Lifetime distributions

In the previous chapter, we presented the \(\ExponDistn(\lambda)\) distribution as a possible model for the lifetimes of items. However the exponential distribution's hazard function is constant, \(h(x) = \lambda\), and this is unrealistic in most applications — usually items become more likely to fail as they age and wear down.
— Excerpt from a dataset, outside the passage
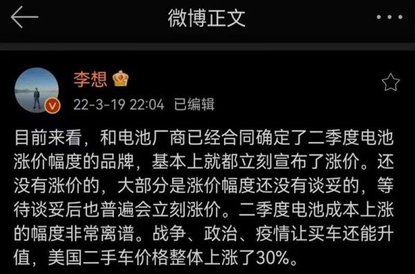 对于这波集中涨价,李想在某社交平台解释说:“目前来看,和电池厂商已经合同确定了二季度电池涨价幅度的品牌,基本上就都立刻宣布了涨价。还没有涨价的,大部分是涨价幅度还没谈妥的,等谈妥后也普遍会立刻涨价。”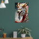 A menacing fire breathing dragon with vibrant red white and gold scales, showcasing its terrifyingly large teeth, realistic shading and textures, high detail, close-up angle, dark background with highlights, digital painting 4k resolution, cinematic lighting, fear-inducing atmosphere.On this artificial intelligence photo.

We now describe a more general model that allows the hazard rate to increase or decrease over time.

Weibull distribution

The Weibull distribution is another standard distribution that is often used for lifetime data.

Definition

A random variable \(X\) is said to have a Weibull distribution with parameters \(\alpha \gt 0\) and \(\lambda \gt 0\),

\[ X \;\;\sim\;\; \WeibullDistn(\alpha,\; \lambda) \]

if its probability density function is

\[ f(x) \;\;=\;\; \begin{cases} \alpha \lambda^{\alpha} x^{\alpha - 1} e^{-(\lambda x)^{\alpha}} & x \gt 0 \\[0.4em] 0 & \text{otherwise} \end{cases} \]

The Weibull distribution is particularly useful for lifetime data since its hazard function has a simple form.

Weibull hazard function

If a random variable \(X\) has a \(\WeibullDistn(\alpha, \lambda)\) distribution, its hazard function is

\[ h(x) \;\;=\;\; \alpha \lambda^{\alpha} x^{\alpha - 1} \]

The Weibull distribution's survivor function is

\[ S(x) \;\;=\;\; P(X > x) \;\;=\;\; \int_x^{\infty} {\alpha \lambda^{\alpha} u^{\alpha - 1} e^{-(\lambda u)^{\alpha}}} \; du \]

We can integrate this with a change of variable

\[ v = (\lambda u)^{\alpha} \spaced{and} dv = \alpha \lambda(\lambda u)^{\alpha - 1} \;du\]

so

\[ S(x) \;\;=\;\; \int_{ (\lambda x)^{\alpha}}^{\infty} e^{-v} \; dv \;\;=\;\; \Big[-e^{-v} \Big]_{(\lambda x)^{\alpha}}^{\infty} \;\;=\;\; e^{-(\lambda x)^{\alpha}}\]

The hazard function is

\[ h(x) \;\;=\;\; \frac{f(x)}{S(x)} \;\;=\;\; \alpha \lambda^{\alpha} x^{\alpha - 1} \]

The hazard rate changes as the age of the items, \(x\), increases,

\[ h(x) \;\;\propto\;\; x^{\alpha - 1} \]

The Weibull distribution can therefore be used as a model for items that either deteriorate or improve over time.

\(\alpha \gt 1\)
The hazard function \(h(x)\) is an increasing function of \(x\) so the item becomes less reliable as it gets older.
\(\alpha \lt 1\)
The hazard function \(h(x)\) is a decreasing function of \(x\) so the item becomes more reliable as it gets older.
\(\alpha = 1\)
The hazard function \(h(x)\) is constant and the lifetime distribution is an exponential distribution.